The P3a component peaked with a mean (SD) latency of 291 (51) milliseconds in controls and 293 (72) milliseconds in patients. No significant difference in latency (F1,32 = 0.005, P = .94) or mean amplitude (F1,32 = 1.16, P = .29) was found between groups. The mean amplitude decreased significantly with WM load (F2,31 = 4.9, P = .01) (Figures 4 and 5 and Table 3). A trend toward a load × group interaction was found for P3a during retrieval (F2,31 = 2.72, P = .07). Post hoc tests showed that this interaction was explained by a quadratic decrease with WM load in patients (F1,15 = 7.07, P = .02) but not in controls (F1,15 = 0.01, P = .92). No significant correlation was found between P3a amplitude and accuracy in any of the WM load conditions.

P370 Activity

The P370 component peaked with a mean (SD) latency of 375 (49) milliseconds in controls and 369 (62) milliseconds in patients. This difference was not statistically significant (F1,32 = 0.17, P = .68). The mean amplitude was significantly smaller in patients than in controls (F1,32 = 4.12, P = .05). The mean amplitude decreased significantly with increasing WM load (F2,31 = 5.78, P = .006) (Figures 4 and 5 and Table 3). The load-dependent decrease was only statistically significant in patients (quadratic contrast: F1,15 = 10.09, P = .006; linear contrast: F1,15 = 3.62, P = .08) but not in controls (quadratic contrast: F1,15 = 0.05, P = .82; linear contrast: F1,15 = 2.64, P = .12).
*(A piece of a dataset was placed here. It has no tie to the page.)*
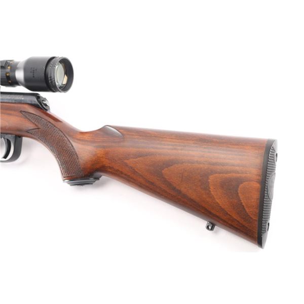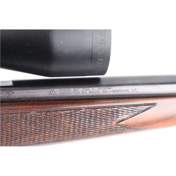 This is the Toz-78-12 and is a highly regarded rifle for its accuracy. Manufactured by the Tula Arms Plant (Russian abbreviation TOZ stands for Tulsky Oruzheyny Zavod), which were used to train generations of Russian military, paramilitary and police cadets. Russian bolt action rifle, chambered for 22 LR cartridges. Features an approx 21" barrel with blade front sight, rewar sight removed and mounted with a BSA Catseye 3-10X44 scope with a European style duplex with three heavy stadia wires and a normal wire on top, receiver has dove tail rail for optics, lens cover, clear optics detachable magazine holding 7 rounds, sights, sling studs, wood stock with impressed checkering panels at wrist and forearm, schnabel fore tip .Right magazine well mounted manual safety, polished bolt with swept back handle. Bore is excellent/bright. Rifle overall is in like new condition with a couple of very minor chips on the magazine well. Imported by BACO Inc. Margan, UT, marked on right barrel. The Toz 17 design was upgraded to the 17-01 standard in 1978NRA Condition-Excellent. Modern Firearm.

A significant correlation was found between P370 amplitude and accuracy at WM load 3 (r = 0.7, P = .002).

P570 Activity

The P570 component peaked significantly later in patients than in controls (F1,32 = 6.48, P = .02), with a mean (SD) latency of 533 (63) milliseconds in controls and 574 (59) milliseconds in patients. In contrast to P370, the P570 amplitude was not significantly different between groups (F1,32 = 0.001, P = .98). The P570 at Pz decreased in mean amplitude with increasing WM load (F2,31 = 12.43, P < .001) (Figures 4 and 5, Table 3). Post hoc tests showed that this linear decrease was statistically significant in both groups (controls: F1,15 = 10.12, P = .006; patients: F1,15 = 15.92, P = .001). No significant correlation was found between P570 and accuracy in any of the WM load conditions. In the linear regression model with WM load and P570 amplitude, P570 did not predict accuracy.

fMRI Data

Behavioral parameters closely matched those acquired during EEG recordings. For encoding, significant group differences were observed in the middle occipital gyrus bilaterally, in the left middle and superior temporal gyrus, and in the right inferior temporal gyrus (Figure 6A and Table 4). For retrieval, clusters in the middle occipital gyrus bilaterally, the left middle temporal gyrus, and the right inferior temporal gyrus were found (Figure 6B and Table 4). Group differences during retrieval were more confined in terms of the number of voxels than during encoding. However, 49% of voxels showing a significant group difference during retrieval also showed a significant group difference during encoding.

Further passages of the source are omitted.